Шрифт:
Интервал:
Закладка:
Мадам Камова поморщилась в ответ, с сожалением смотря на племянника. Она-то все понимала, в отличие от него. Витяй лишь верхушку всего этого видел, она же в самый корень смотрела. Их подопечный, Рафаэль, придумал просто гениальную для воровского мира вещь — не существующего в реальности гениального преступника, на которого можно было списать что угодно. На этом можно было построить целую преступную империю, а не только кошельки сшибать, как думал её недалёкий племянник. Рафаэль, действительно, голова.
— Витяй…
Женщина вдруг подняла руку, останавливая словесный поток у племянника. Подалась немного вперёд, поставив локти на стол. Серьезный признак для тех, кто её знал. Похоже, сейчас не простой разговор последует.
— … Я уже говорила тебе, чтобы ты присматривал за ним. А сейчас скажу другое…

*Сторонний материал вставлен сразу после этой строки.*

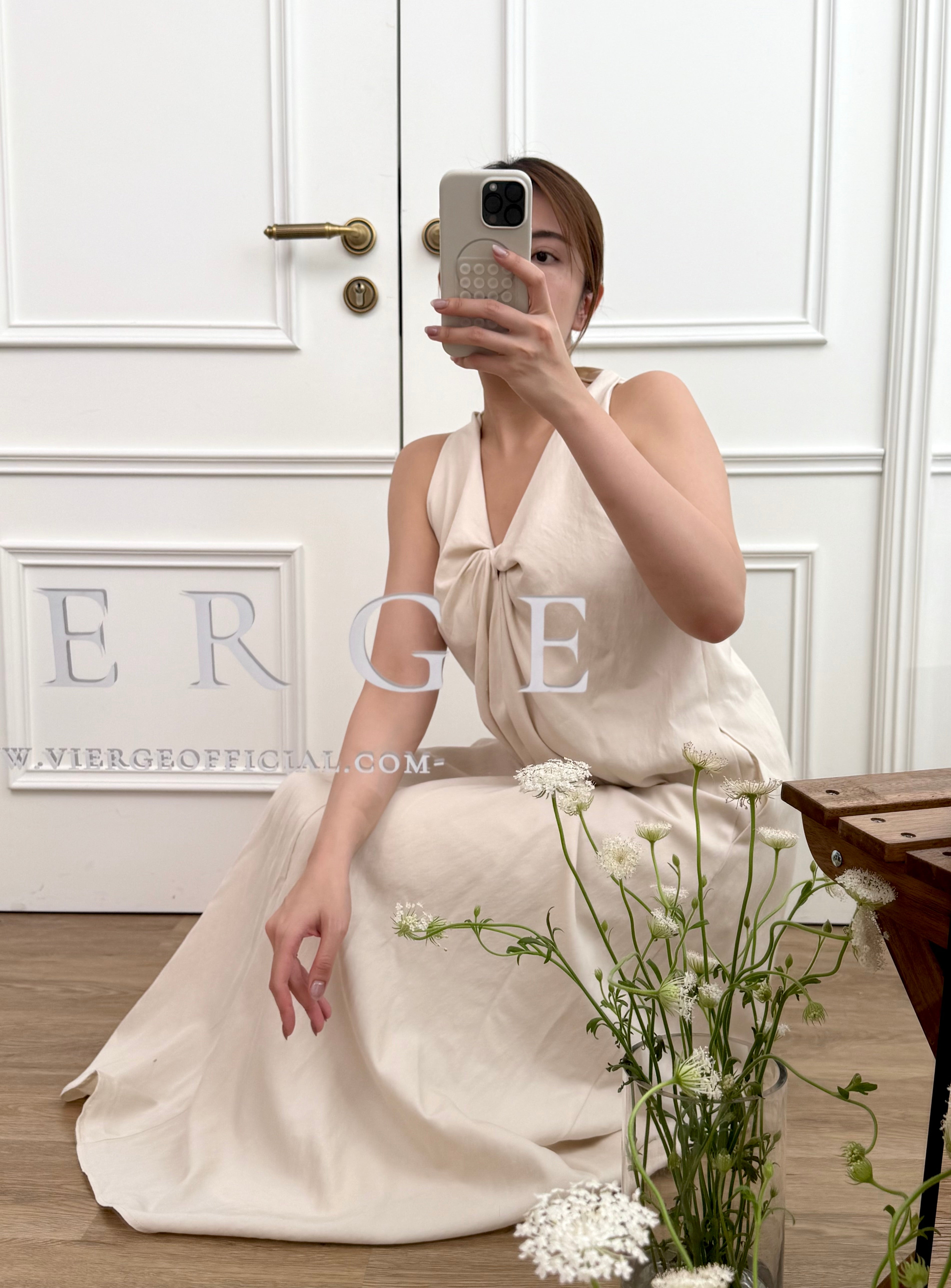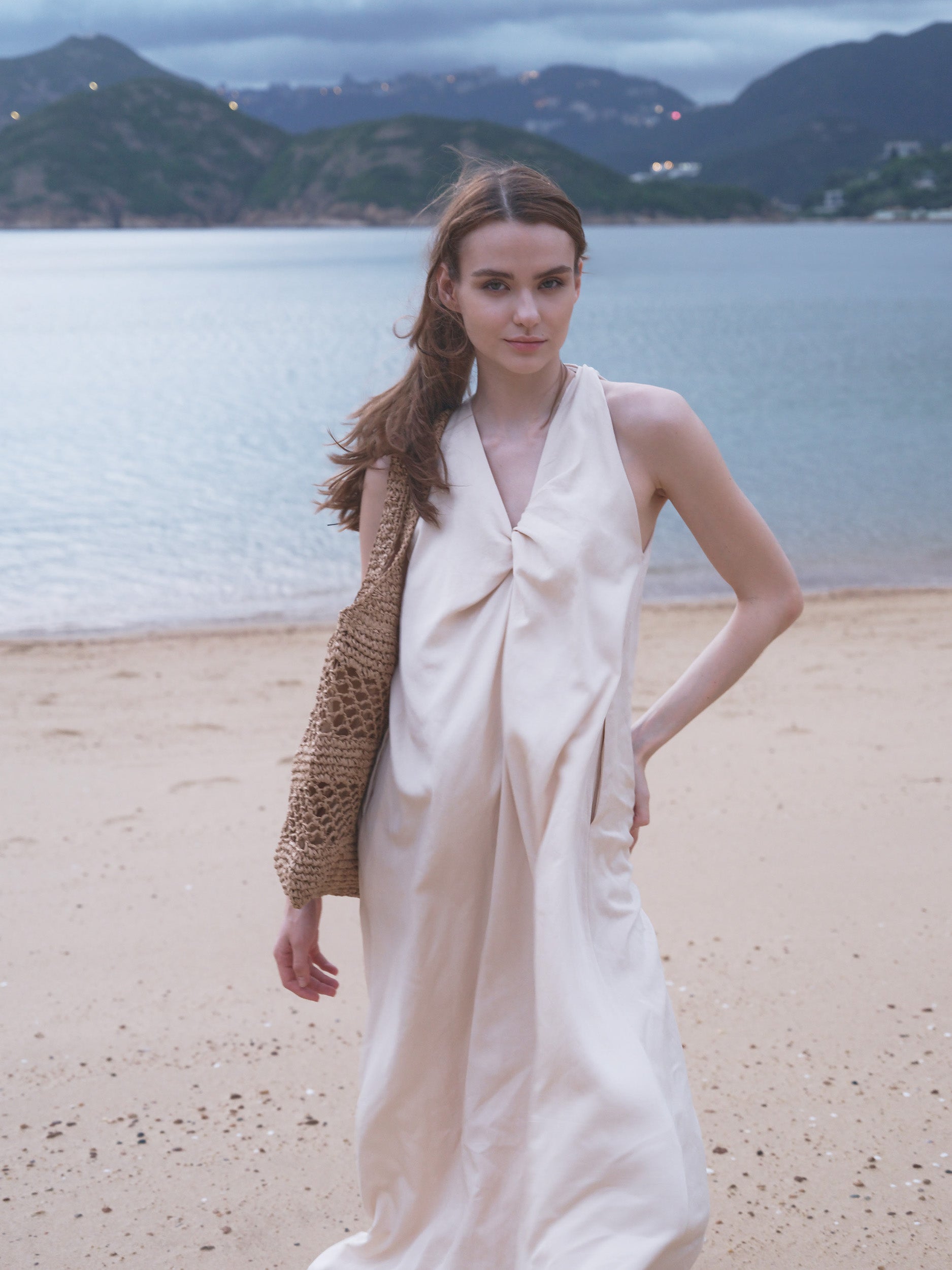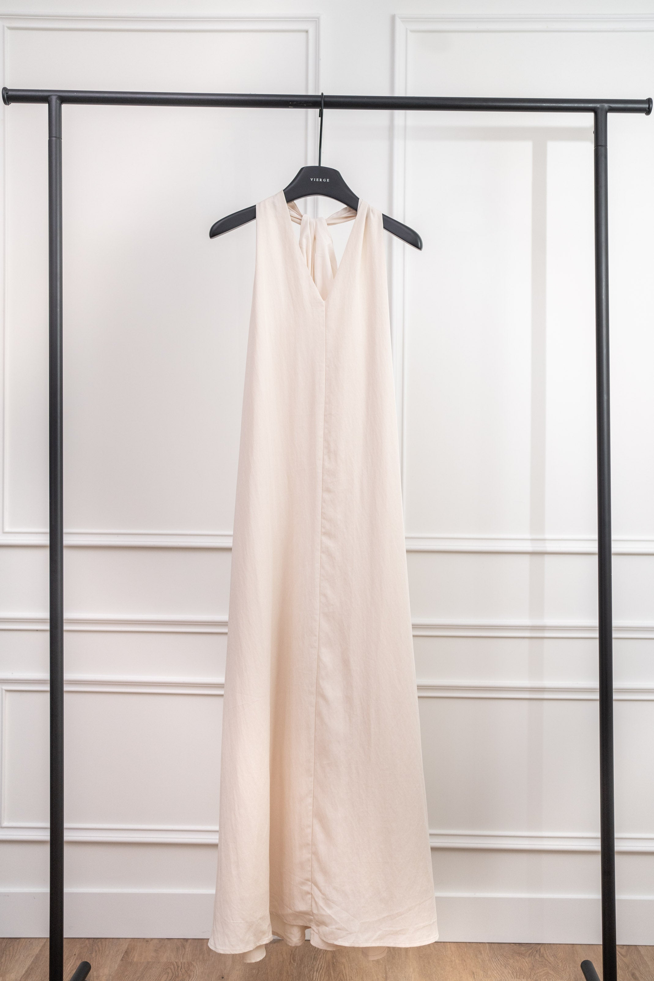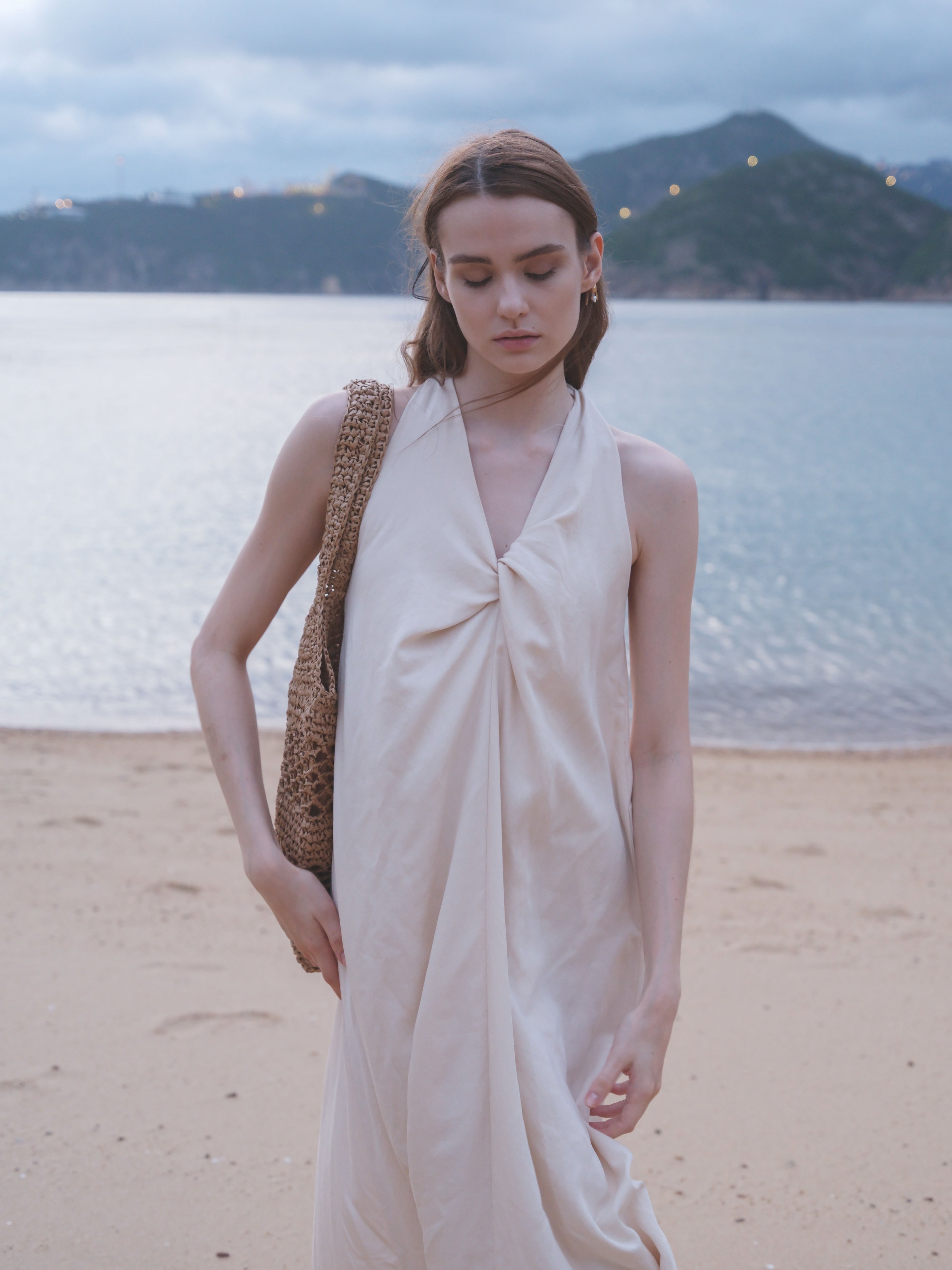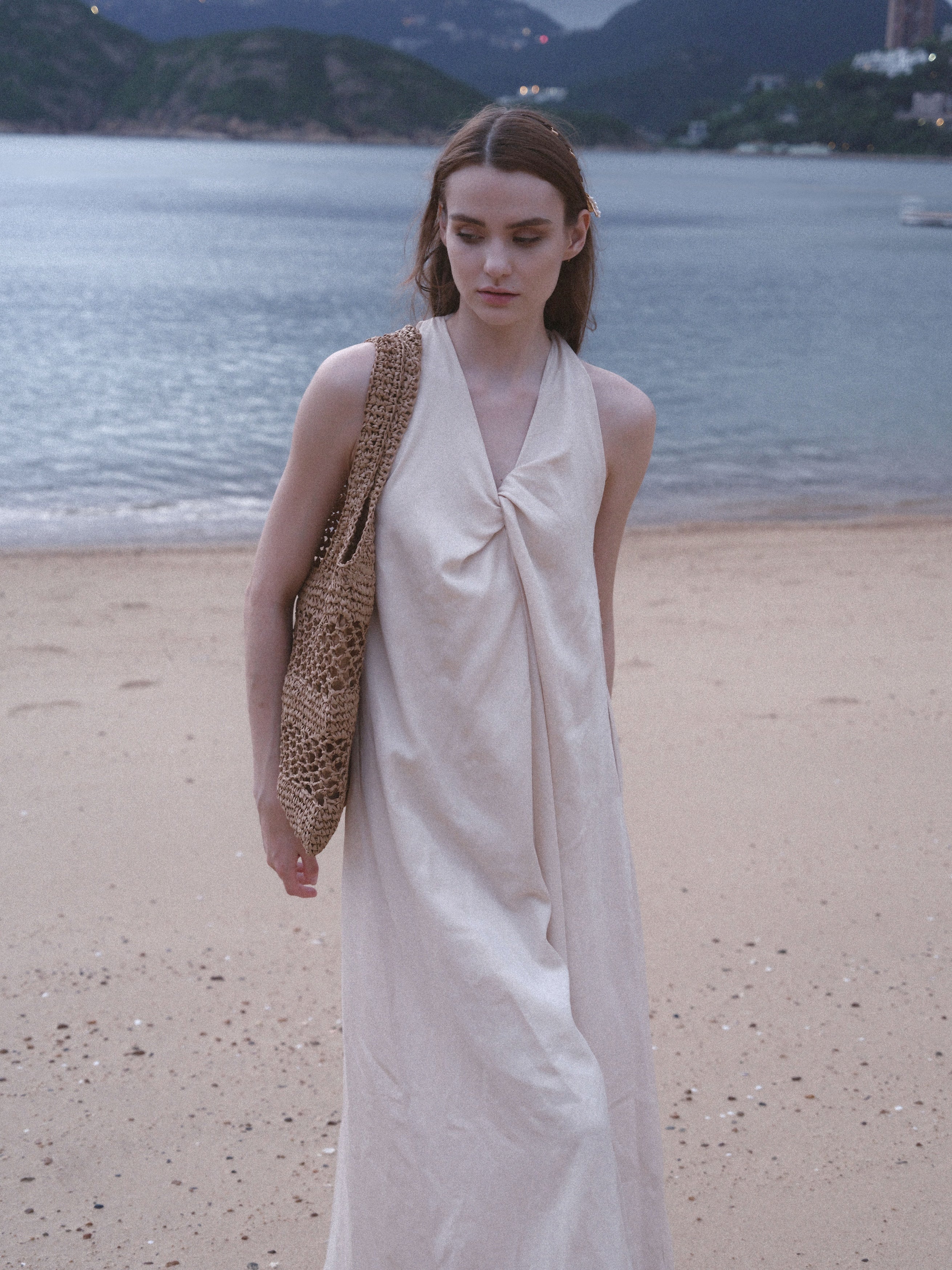 This elegant dress features a flattering halter neckline with a draped design that creates a beautiful silhouette. Its soft, neutral fabric flows gracefully, making it perfect for beach outings or summer events.

Камова сделала многозначительную паузу.
— Рафаэль птица очень высокого полёта, Витяй. Не смотри на его возраст, не обманывайся детскими поступками. Он пойдет очень далеко… Ты ведь знаешь, что в нас в роду ведьмы были и кое-что мне тоже передалось. Так говорю тебе, племяш, теперь тебе не следить за ним нужно, а стать его наивернейшим другом. И не дай Бог задумаешь против него предательство, пожалеешь. Такие люди не мстят, они просто сметают своих врагов, словно песчинки со стола.
Витян при этом удивленно качал головой. Что-то странное он слышал от тётушки. То она говорит про слежку и надзор за Рафи, то про крепкую дружбу с ним. Ничего же толком не изменилось.
— Смотрю ты, Витяй, все еще не догоняешь, как сопливый фраер, — внезапно перешла она на феню, видя, что до племянника никак не дойдут её слова. — Помяни мое слово, Рафаэль ещё поставит этот город раком и отдерет во всем щели, как последнюю сучку. И только от тебя, сукин сын, зависит, загнут тебя тоже или нет.
А у того рот вдруг расплылся в улыбке:
— Гонишь, дорогая тётушка. В натуре, заливаешь. Чтобы Рафа так поднял…
Не давая ему договорить, Камова как хлопнет по столу. Он аж отшатнулся.
— Гонят извозчики по Тверской, а я говорю. А ты еще молодой и глуп. Ты знаешь, что он мне сегодня принес?
Витян покачал головой. Он парнишку еще не видел, поэтому был не в курсе.
— Двадцать две тысячи… — медленно с остановками произнесла она неимоверную, просто гигантскую сумму. — Рублей ассигнациями. Ты сам, вообще, когда-нибудь видел такие деньги? — при этом она кивнул на пухлый бумажный сверток, что незаметно пристроился на лакированном комоде. — Держал в руках?
— Сколько?
С округлившимися от удивления глазами Витян подскочил к комоду и схватил сверток. Осторожно, словно там могло хранится что-то смертоносное, вроде гадюки, развернул темную пергаментную бумагу и высыпал содержимое свертка на стол.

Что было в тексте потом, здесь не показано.